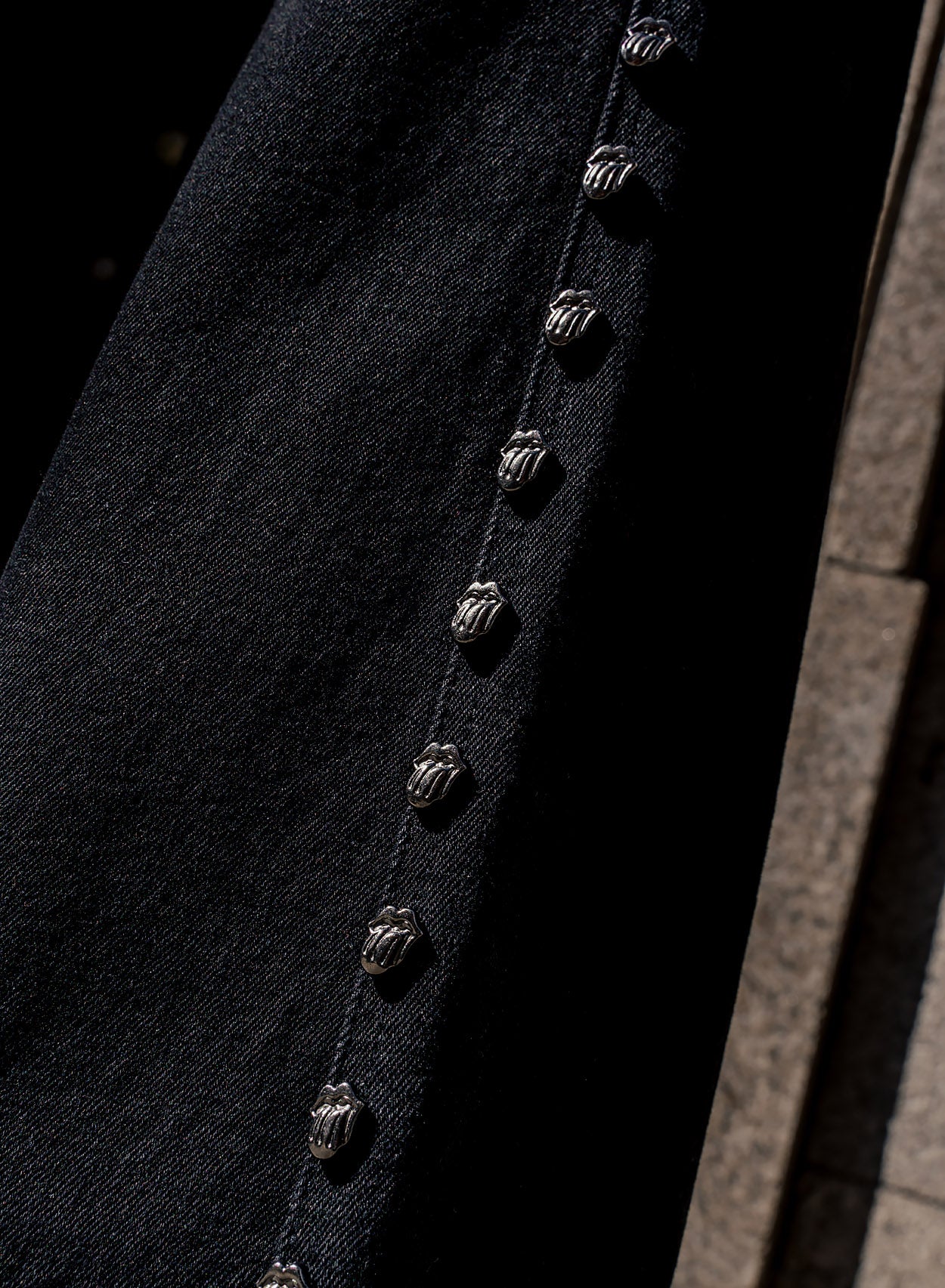 The exclusive Rolling Stones black studded logo denim flare jeans feature high-quality black denim with a distinctive line of studded embellishments running down each leg. Engraved popper buttons showcase the signature Rolling Stones tongue logo, adding a touch of sophistication to the design. These jeans seamlessly blend style and comfort, making them versatile for both casual and dressier tops.
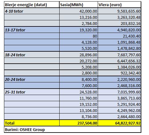 Për datat nga 4 tetori deri në 31 tetor janë blerë në treg të lirë mbi 237 mijë MWh energji çka bën që çmimi mesatar me të cilën është siguruar një megavat/orë është rreth 273 euro/ MWh.
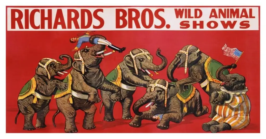 "Richards Bros. Wild Animal Shows, Ca. 1925" Paper Print By Anonymous, 74"x38"
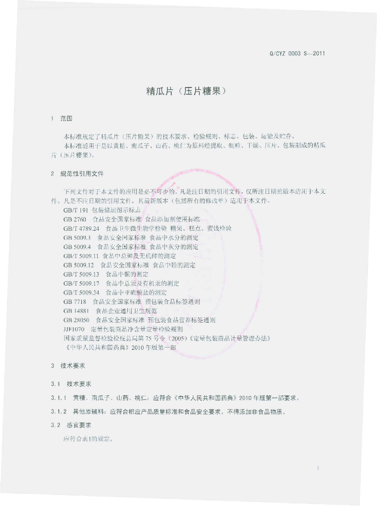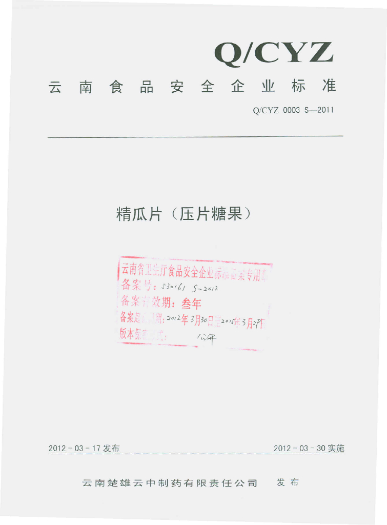 Q/CYZ 0003S-2011 精瓜片(压片糖果)
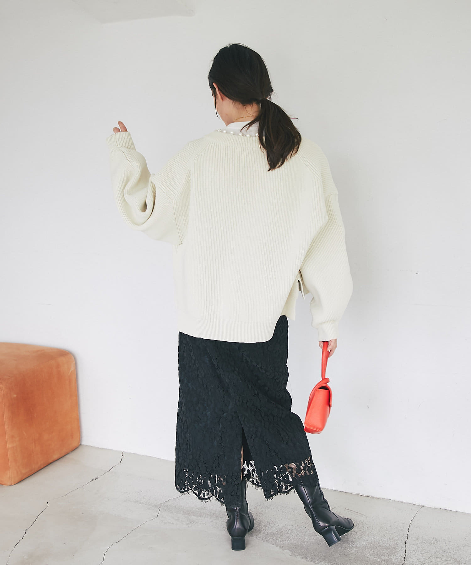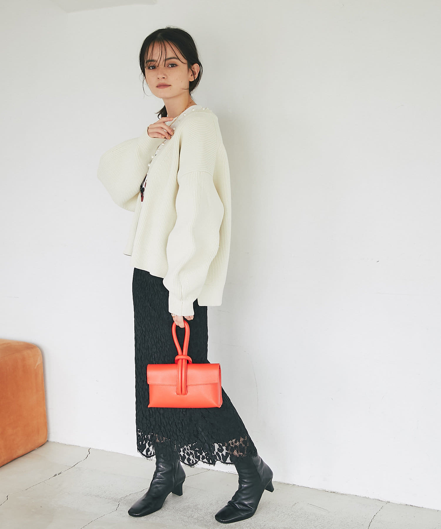 • シンプルなニットなどに合わせるだけでコーデが決まります。
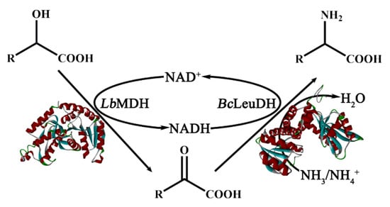 Scheme of the asymmetric biocatalytic preparation for UAAs from α-HAs via a hydrogen-borrowing dual-enzyme cascade composed of L. brevis D-mandelate dehydrogenase (LbMDH) and Bacillus cereus L-leucine dehydrogenase (BcLeuDH).
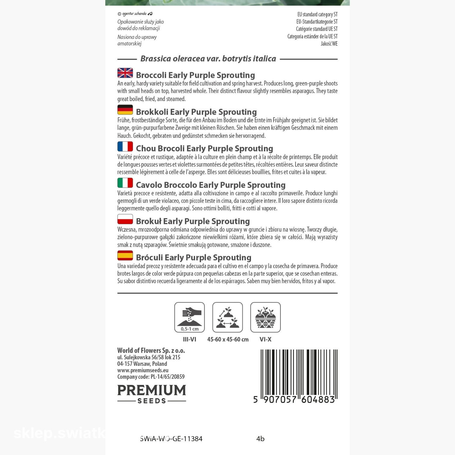 Nasiona brokuła Early Purple Sprouting wysiewa się na głębokość 0,5-1 cm. Taka grubość warstwy ziemi zapewnia nasionom stabilne warunki kiełkowania i równomierne wschody. Drobne nasiona warto przykryć cienką warstwą wilgotnego podłoża, które sprzyja silnemu ukorzenieniu młodych roślin.
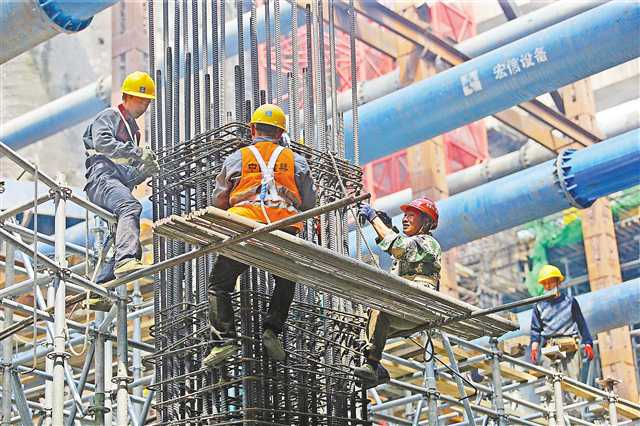 4月9日,工人正在軌道交通9號線最大站點——富華路站緊張施工。
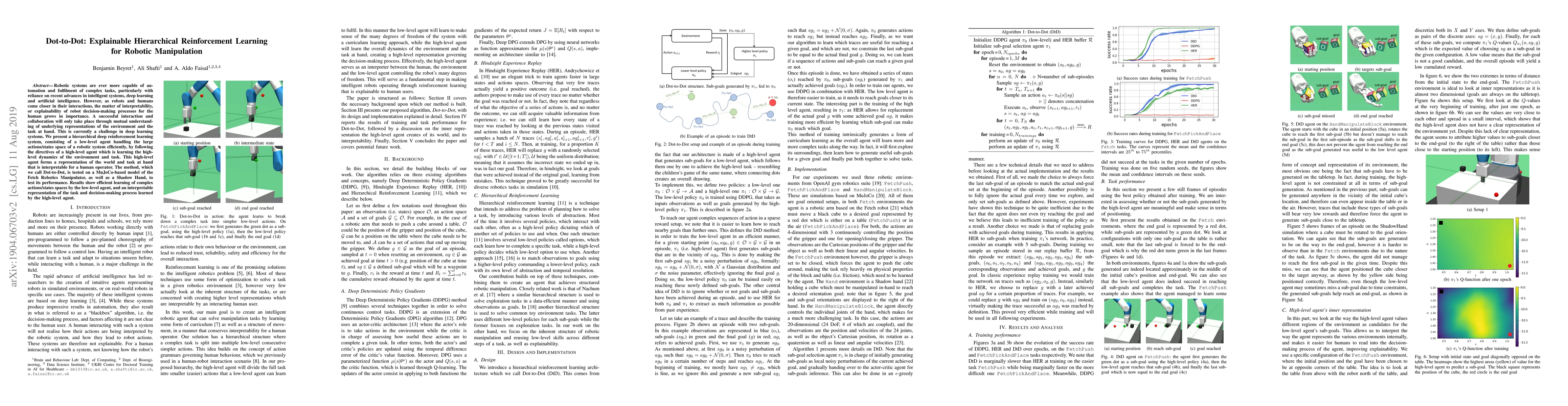 This paper introduces Dot-to-Dot, a hierarchical reinforcement learning system for robotic manipulation that enhances interpretability. It employs a low-level agent for efficient handling of large action/state spaces and a high-level agent that learns interpretable representations of the environment and task, enabling better human-robot collaboration.

◇ ◇ ◇ ◇ ◇

:: WORK TO COMPLETE ::
For this exercise, write out exactly the lines from the one with "Scheme of the" through the last line of the records, inclusive, and leave each picture out.

:: ANSWER SPACE ::
 Scheme of the asymmetric biocatalytic preparation for UAAs from α-HAs via a hydrogen-borrowing dual-enzyme cascade composed of L. brevis D-mandelate dehydrogenase (LbMDH) and Bacillus cereus L-leucine dehydrogenase (BcLeuDH).
 Nasiona brokuła Early Purple Sprouting wysiewa się na głębokość 0,5-1 cm. Taka grubość warstwy ziemi zapewnia nasionom stabilne warunki kiełkowania i równomierne wschody. Drobne nasiona warto przykryć cienką warstwą wilgotnego podłoża, które sprzyja silnemu ukorzenieniu młodych roślin.
 4月9日,工人正在軌道交通9號線最大站點——富華路站緊張施工。
 This paper introduces Dot-to-Dot, a hierarchical reinforcement learning system for robotic manipulation that enhances interpretability. It employs a low-level agent for efficient handling of large action/state spaces and a high-level agent that learns interpretable representations of the environment and task, enabling better human-robot collaboration.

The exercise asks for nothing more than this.